En ce qui concerne les expériences étrangères JL Félizia, un post récent SNP et un article dans le site italien Liste Phoenix prouvent qu’il prend ses rêves pour des réalités. http://www.sauvonsnospalmiers.fr/spip.php?article987 http://www.listephoenix.com/?p=6726


Mais, en dehors de la diabolisation bien mal argumentée de l’EMAB REVIVE, que préconise le blogueur ?


* le piégeage massif : nous partageons tout à fait ce point de vue mais le ministère semble moins convaincu et l’INRA ne dit mot.


* une exonération de TVA ..... Dans la situation actuelle des finances publiques... No comment


* la replantation massive, provocateur, pourquoi pas ? Mais avec les moyens qu’il préconise c’est suicidaire.


* utilisation de moyens prophylactiques plus respectueux de l’environnement. Lesquels ? JL Félizia ne parle plus de nématodes, sans doute parce qu’il sait toute la difficulté de mise en oeuvre, l’efficacité décroissante, le prix de cette méthode moins adaptée à une infestation massive pour laquelle il faut maintenir une protection permanente.


Le second objectif de JL Félizia est de nous persuader que tout notre salut viendra de l’action d’un champignon entomopathogène le Beauveria Bassiana. Pas fou du tout, puisque cette voie de recherche fait partie des classiques de la lutte bio. Il plaide clairement pour une extension d’usage au charançon du produit OSTRINIL. Dont Acte....

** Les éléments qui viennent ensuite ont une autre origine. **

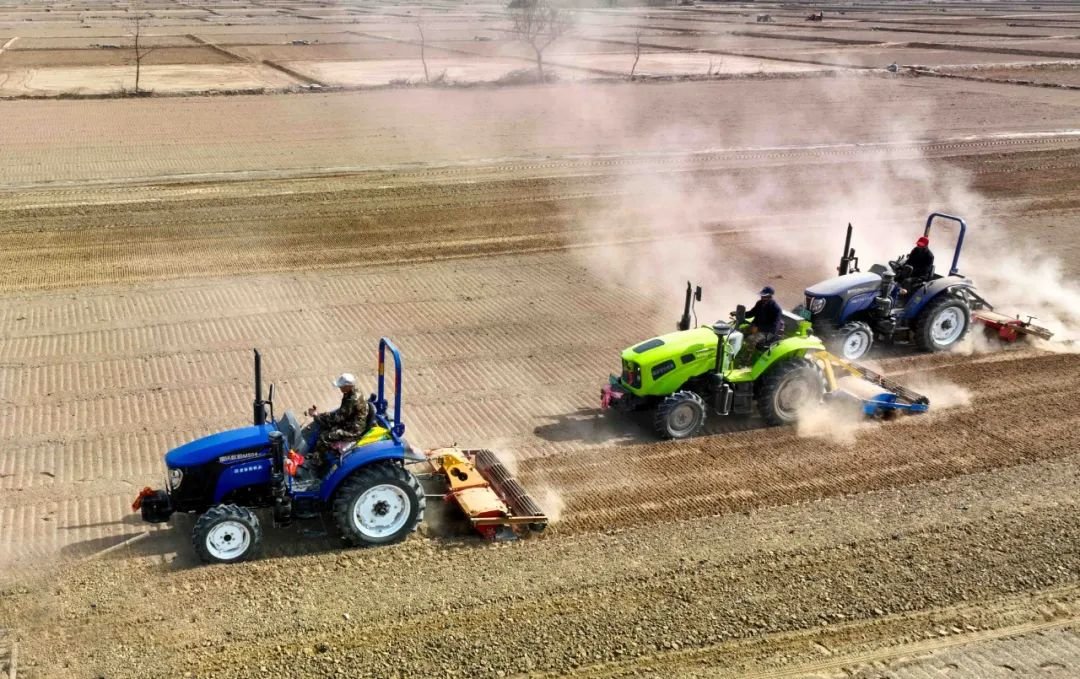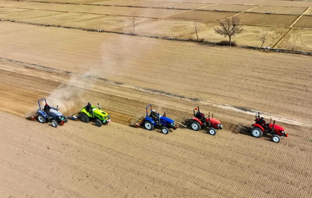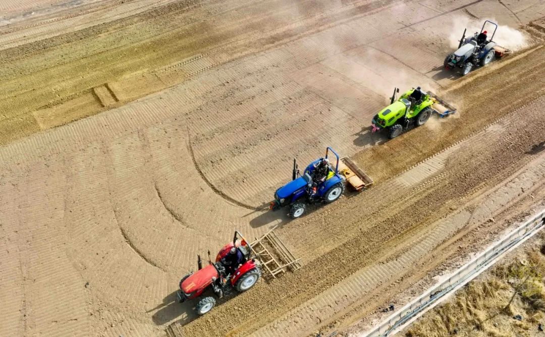 3月1日,高台县骆驼城镇新建村高标准农田里,深翻机、旋耕机、播种机来回穿梭,平整土地、施肥、播种,随着阵阵轰鸣声,春小麦种植作业一次性完成。 时下,正值春耕春播大好时节,趁着气温回升,高台县农户抢抓农时,5.24万亩春小麦播种全面展开,田间地头一派繁忙景象。
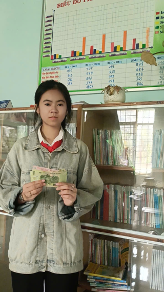 Trong ảnh là Cháu Hoà nhận tiền hỗ trợ 2 tháng ạh

Mais il connaît l’avis l’ANSES sollicité en 2012 http://www.sauvonsnospalmiers.fr/spip.php?article204 et ses demandes pour la poursuite de la procédure d’agrément, qui sont autant de conditions préalables au dépôt même d’une AMM.


"Compte tenu de ces résultats, et dans le cadre de la recherche de solutions alternatives aux solutions chimiques, le champignon Beauveria bassiana pourrait entrer dans un programme de lutte contre le charançon rouge du palmier Rhynchophorus ferrugineus, seul ou en alternance avec d’autres produits. Il convient toutefois de noter que les souches 147 et 111B005 de Beauveria bassiana ne sont pas approuvées conformément au règlement(CE)n°1107/2009 et de ce fait ne peuvent entrer dans la composition de produits phytopharmaceutiques." CQFD Ces retards sont-ils anormaux ? Aucun moyen pour nous de le savoir ? Si retard il y a, les controverses sur le danger de ce champignon lâché massivement en aérien, pour le système oculaire et pulmonaire humain ? (plusieurs articles scientifiques à charge et à décharge publiés) en sont-elles la raison ?


Il faut admettre qu’il est impossible de lutter contre une infestation galopante avec l’espoir d’obtenir un produit dans 3,4 ou 5 ans. Si l’on ajoute à cela l’aspect prix, SNP est plus que dubitative. Cependant si le debriefing PALM PROTECT donne clairement de bonnes perspectives en terme d’efficacité et de prix à ce champignon, nous serons les premiers à solliciter une accélération des procédures d’instruction. Entre-temps, Cher Jean-Paul Fèlizia soyez simplement précis et pragmatique.